We can consider it a part of expanded participation in an bull market and a new member of what we have referred to as the “everything rally.”
The Healthcare Sector has Made a Recent Relative Low. (Chart below).
Healthcare is a defensive sector. It typically leads when equity investors are worried about the economy and / or the market.
On the chart below, we can see Healthcare outperforming in 2022. That was a difficult period for the S&P 500 overall.
2023 was a great year for equities and Healthcare underperformed for nearly the whole year.
We don’t want to see Healthcare outperforming, but we want to see it performing well.
This is exactly what’s happening now and its bullish.
(This is not a recommendation to buy or sell any security).

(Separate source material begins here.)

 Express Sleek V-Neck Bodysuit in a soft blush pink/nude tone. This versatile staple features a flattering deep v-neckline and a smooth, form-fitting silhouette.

Source: TradingView. Through year-to-date 2024.
4. Efficient Markets?
One of those debates that people in business school have is whether markets are efficient.
The so-called Efficient Market Hypothesis (2nd day of finance 101) states that stocks always trade at their fair value, making it impossible for investors to purchase undervalued stocks or sell stocks at inflated prices. As a result, according to the hypothesis, it is not possible to outperform the overall market consistently through stock selection or market timing.
The Efficient Market Hypothesis is seen at the cornerstone for modern financial theory.
However, as I often like to say, the difference between theory and practice is that in theory, they are both the same.
In other words, I do not believe markets are efficient.
To that end, I present the chart below.
Since 2010, 3 months after a stock-split (65 days), there has been a significant difference in performance between those shares that have split and the S&P 500.
In an “efficient” market, total market capitalization would not vary based on share price and shares outstanding (the two factors in a market capitalization equation that are both impacted by a share split).
There are a number of high profile companies with share prices nearing or above $1,000 that have been speculated to be split candidates.
Food for thought.
(This is not a investment advice and is not recommendation to buy or sell any security).
Source: Strategas. Through year-to-date 2024.
5. Checking in on the Dollar
Although we are equity investors, we believe many of the drivers of clues for the direction of equity markets can be found in fixed income and currencies.
We consider these assets imperative to keep on our radar as early warning or conversely opportunity signals. (This is why we write about them so often).
The dollar and the S&P 500 often have a converse relationship. (Past performance is not indicative of future results).
The dollar began to weaken from its 3-year peak at the end of September 2022. The S&P 500 had its 3-year low in mid-October 2022.
When the dollar strengthened from July to October 2023, the S&P 500 corrected (went down).
With that in mind, we are watching closely as the dollar is probing the $104.18 level that has been a ceiling at times and a general battleground over the past 30 months.
If the dollar were to move above the $104.18 level, based on our simple symmetric view of price movement, we believe it could move back to its October 2023 high.
If it does it might put some pressure on equity markets like it did the last time it moved there.
(This is not a investment advice and is not recommendation to buy or sell any security).